### [Supplied records]

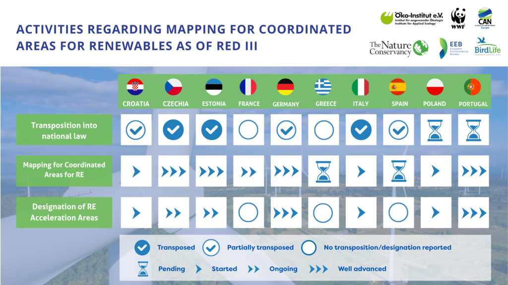 This joint analysis conducted by the Oeko Institut, CAN Europe, WWF EPO, Birdlife Europe and Central Asia, the European Environmental Bureau and The Nature Conservancy provides an update on the progress of 10 EU Member States on their transposition of the Renewable Energy Directive (RED III), their implementation of spatial mapping and planning for renewables and the designation of renewable acceleration areas (RAAs). This analysis is an update on the 2024 report and reveals mapping processes have been initiated in almost all countries, or RED III stipulations have been integrated into existing spatial planning processes for RE areas.
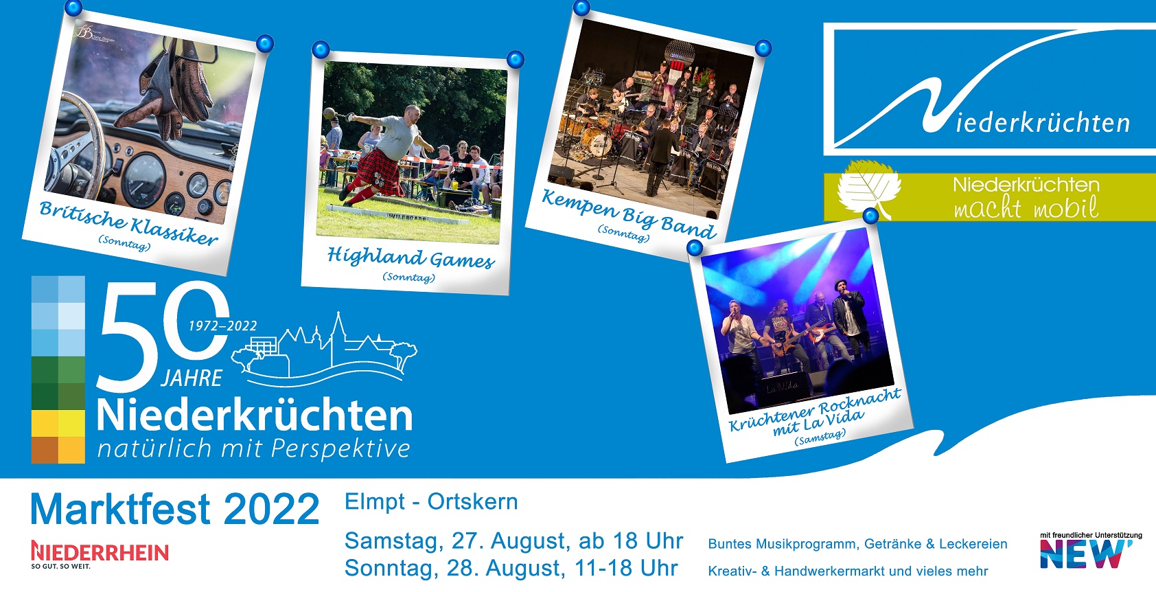 Ganz im Westen des Kreises Viersen gelegen entstand die heutige Gemeinde Niederkrüchten 1972 im Rahmen der kommunalen Neugliederung aus den beiden Altgemeinden Niederkrüchten und Elmpt. Sie macht in vielerlei Hinsicht vor allem eines aus: Die Perspektive. Und so feiert die Gemeinde auch den runden Geburtstag unter dem passenden Motto „Niederkrüchten – natürlich mit Perspektive“.
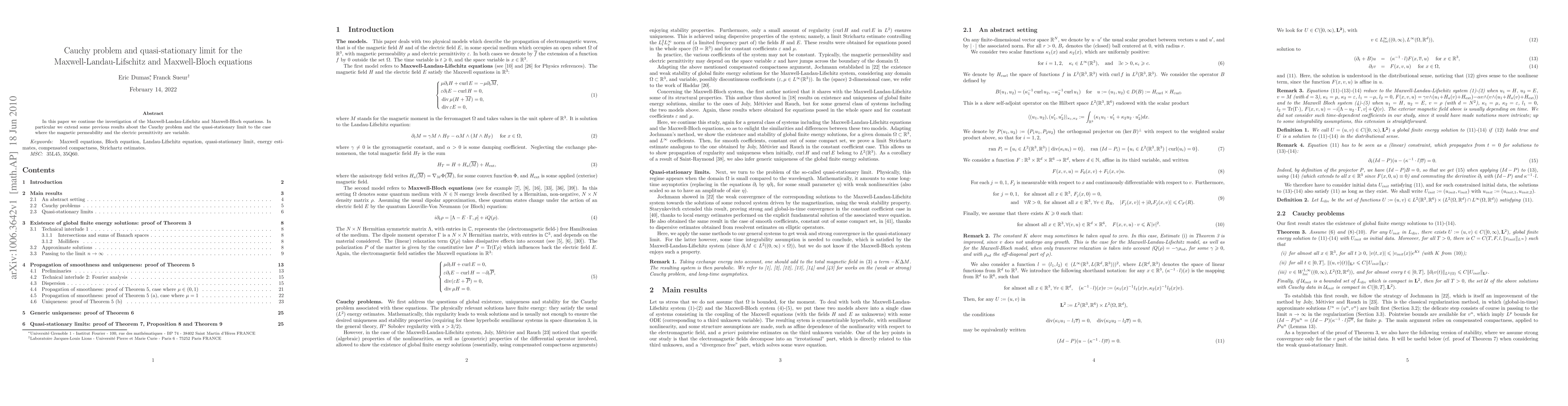 This paper investigates the Cauchy problem and quasi-stationary limit for the Maxwell-Landau-Lifschitz and Maxwell-Bloch equations, extending previous results to scenarios where magnetic permeability and electric permittivity are variable.
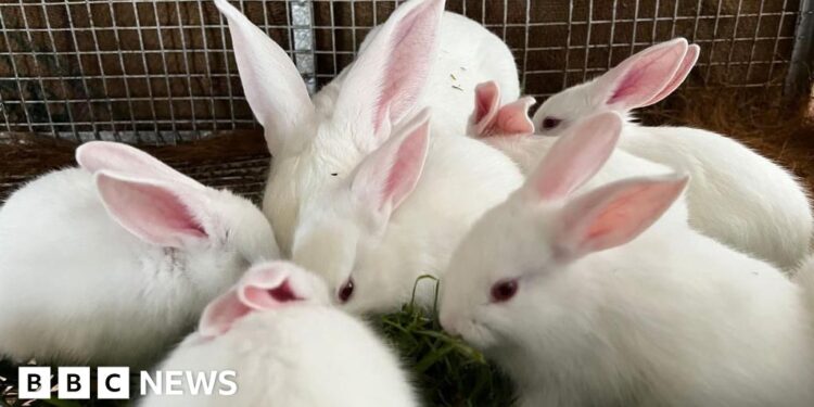 Getty The picture shows a group of six white rabbits huddled closely together inside a wire enclosure. Their fur is very clean and soft-looking, and their ears are upright and pinkish on the inside. The rabbits are gathered around, eating a pile of green grass. They appear calm and are surrounded by a mesh fence, which forms the background of the image.Getty
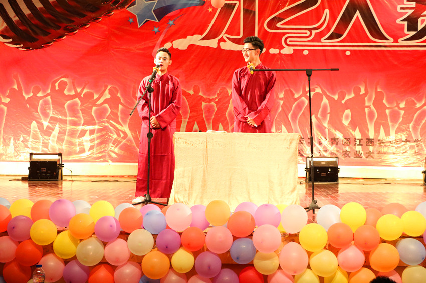本场晚会的节目类型丰富多样,涵盖了歌曲演唱、舞蹈、相声、小品和诗歌朗诵等多种艺术表现形式,为观众带来了一场精彩的视听盛宴。其中法学1501班的汪赛、王粝淳带来的的相声《我要旅游》以其幽默的风格和十足的舞台表现力获得了评委和观众的一致好评,以88.67分的好成绩摘得本次比赛桂冠。最后,公司借迎新晚会这一契机,公布了近期开展的新生征文比赛及新生书画大赛的获奖名单,并为获奖同学进行现场颁奖,以示鼓励。
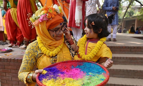 Girls pose for pictures during the Pahela Falgun festival in Dhaka, Bangladesh, Feb. 14, 2020. (Str/Xinhua)

### [Exercise requirements]
Using the listing above, set down exactly each line from the one containing "本场晚会的节目类型丰富多样,涵盖了歌曲演" through the final line, and leave out pictures.

### [Problem solution]
本场晚会的节目类型丰富多样,涵盖了歌曲演唱、舞蹈、相声、小品和诗歌朗诵等多种艺术表现形式,为观众带来了一场精彩的视听盛宴。其中法学1501班的汪赛、王粝淳带来的的相声《我要旅游》以其幽默的风格和十足的舞台表现力获得了评委和观众的一致好评,以88.67分的好成绩摘得本次比赛桂冠。最后,公司借迎新晚会这一契机,公布了近期开展的新生征文比赛及新生书画大赛的获奖名单,并为获奖同学进行现场颁奖,以示鼓励。
 Girls pose for pictures during the Pahela Falgun festival in Dhaka, Bangladesh, Feb. 14, 2020. (Str/Xinhua)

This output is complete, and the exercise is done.